BEGIN Input

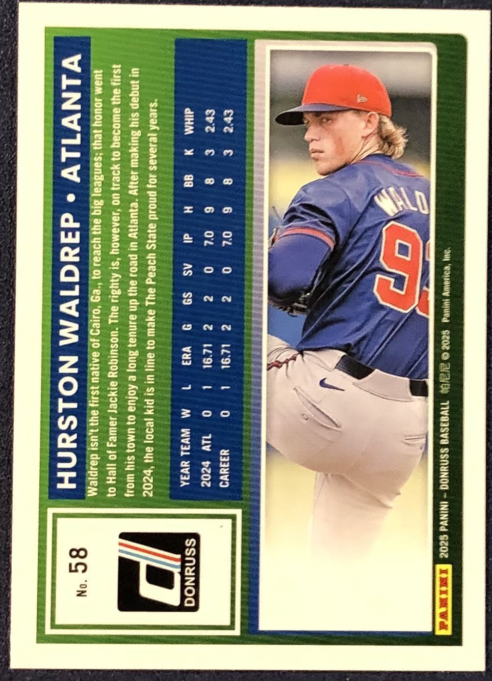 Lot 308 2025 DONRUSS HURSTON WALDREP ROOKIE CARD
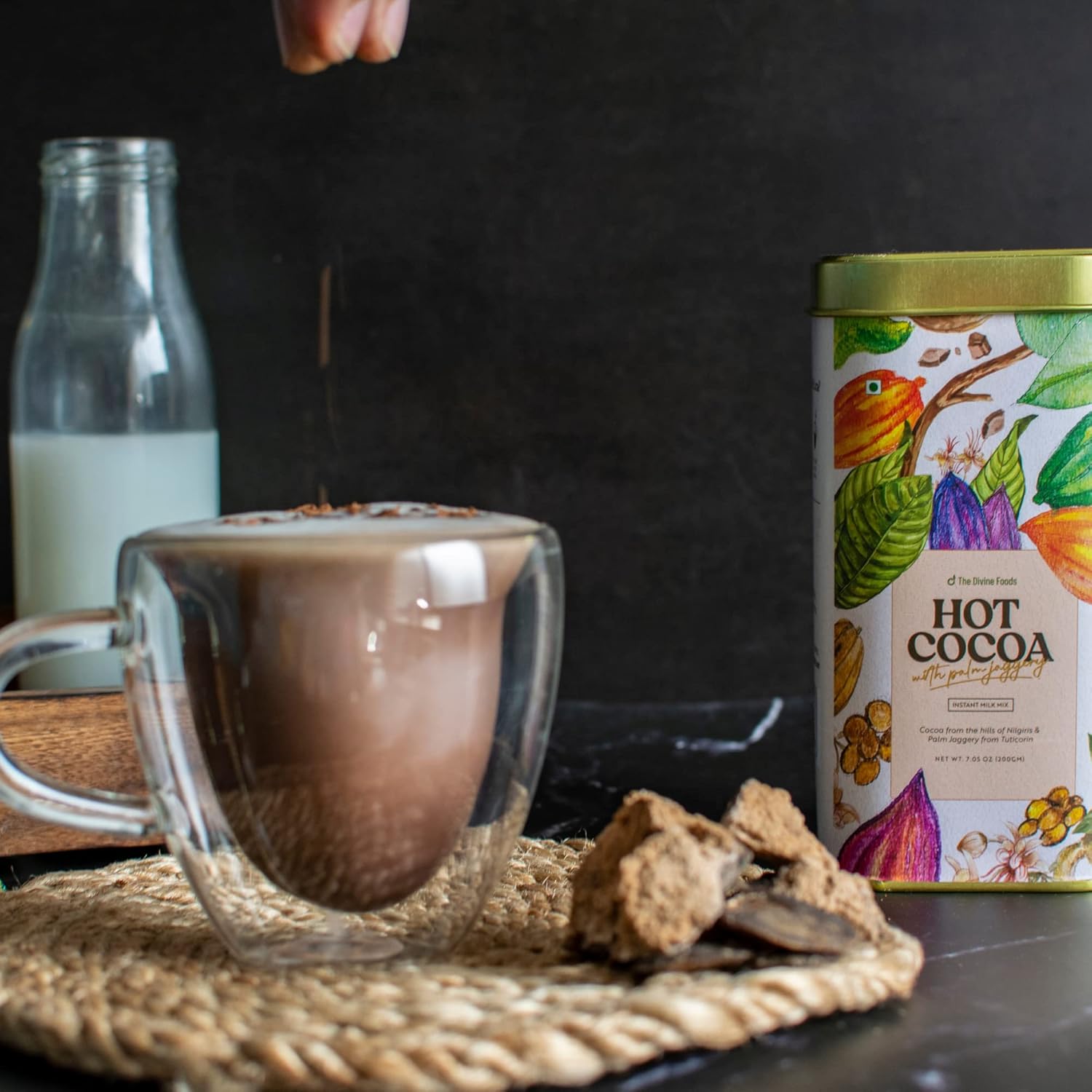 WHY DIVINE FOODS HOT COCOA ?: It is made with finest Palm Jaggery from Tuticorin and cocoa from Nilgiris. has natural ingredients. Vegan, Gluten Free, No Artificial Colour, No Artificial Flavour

END Input
BEGIN Input

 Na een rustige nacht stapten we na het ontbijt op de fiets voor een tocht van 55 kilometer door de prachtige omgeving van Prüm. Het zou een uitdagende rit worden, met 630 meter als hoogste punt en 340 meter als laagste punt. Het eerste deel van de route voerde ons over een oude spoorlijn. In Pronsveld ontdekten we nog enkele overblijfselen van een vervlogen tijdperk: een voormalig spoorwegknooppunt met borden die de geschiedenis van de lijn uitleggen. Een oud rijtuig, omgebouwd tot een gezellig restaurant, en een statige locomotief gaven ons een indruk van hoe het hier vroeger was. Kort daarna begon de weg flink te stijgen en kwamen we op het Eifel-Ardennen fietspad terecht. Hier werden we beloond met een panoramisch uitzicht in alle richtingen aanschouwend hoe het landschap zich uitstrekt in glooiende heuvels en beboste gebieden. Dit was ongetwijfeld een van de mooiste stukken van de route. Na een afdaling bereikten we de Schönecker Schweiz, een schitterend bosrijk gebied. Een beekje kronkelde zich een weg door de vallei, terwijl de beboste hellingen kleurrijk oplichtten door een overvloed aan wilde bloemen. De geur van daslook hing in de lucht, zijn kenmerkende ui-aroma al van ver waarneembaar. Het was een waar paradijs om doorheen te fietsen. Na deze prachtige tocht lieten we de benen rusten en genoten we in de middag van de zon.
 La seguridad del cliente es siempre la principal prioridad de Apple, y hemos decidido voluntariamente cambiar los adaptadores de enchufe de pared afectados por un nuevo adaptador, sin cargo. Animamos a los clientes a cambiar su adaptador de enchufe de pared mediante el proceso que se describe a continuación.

END Input

In the listing above, find the line containing "Na een rustige" and the line containing "La seguridad del", then repeat those two lines and everything between them exactly.

 Na een rustige nacht stapten we na het ontbijt op de fiets voor een tocht van 55 kilometer door de prachtige omgeving van Prüm. Het zou een uitdagende rit worden, met 630 meter als hoogste punt en 340 meter als laagste punt. Het eerste deel van de route voerde ons over een oude spoorlijn. In Pronsveld ontdekten we nog enkele overblijfselen van een vervlogen tijdperk: een voormalig spoorwegknooppunt met borden die de geschiedenis van de lijn uitleggen. Een oud rijtuig, omgebouwd tot een gezellig restaurant, en een statige locomotief gaven ons een indruk van hoe het hier vroeger was. Kort daarna begon de weg flink te stijgen en kwamen we op het Eifel-Ardennen fietspad terecht. Hier werden we beloond met een panoramisch uitzicht in alle richtingen aanschouwend hoe het landschap zich uitstrekt in glooiende heuvels en beboste gebieden. Dit was ongetwijfeld een van de mooiste stukken van de route. Na een afdaling bereikten we de Schönecker Schweiz, een schitterend bosrijk gebied. Een beekje kronkelde zich een weg door de vallei, terwijl de beboste hellingen kleurrijk oplichtten door een overvloed aan wilde bloemen. De geur van daslook hing in de lucht, zijn kenmerkende ui-aroma al van ver waarneembaar. Het was een waar paradijs om doorheen te fietsen. Na deze prachtige tocht lieten we de benen rusten en genoten we in de middag van de zon.
 La seguridad del cliente es siempre la principal prioridad de Apple, y hemos decidido voluntariamente cambiar los adaptadores de enchufe de pared afectados por un nuevo adaptador, sin cargo. Animamos a los clientes a cambiar su adaptador de enchufe de pared mediante el proceso que se describe a continuación.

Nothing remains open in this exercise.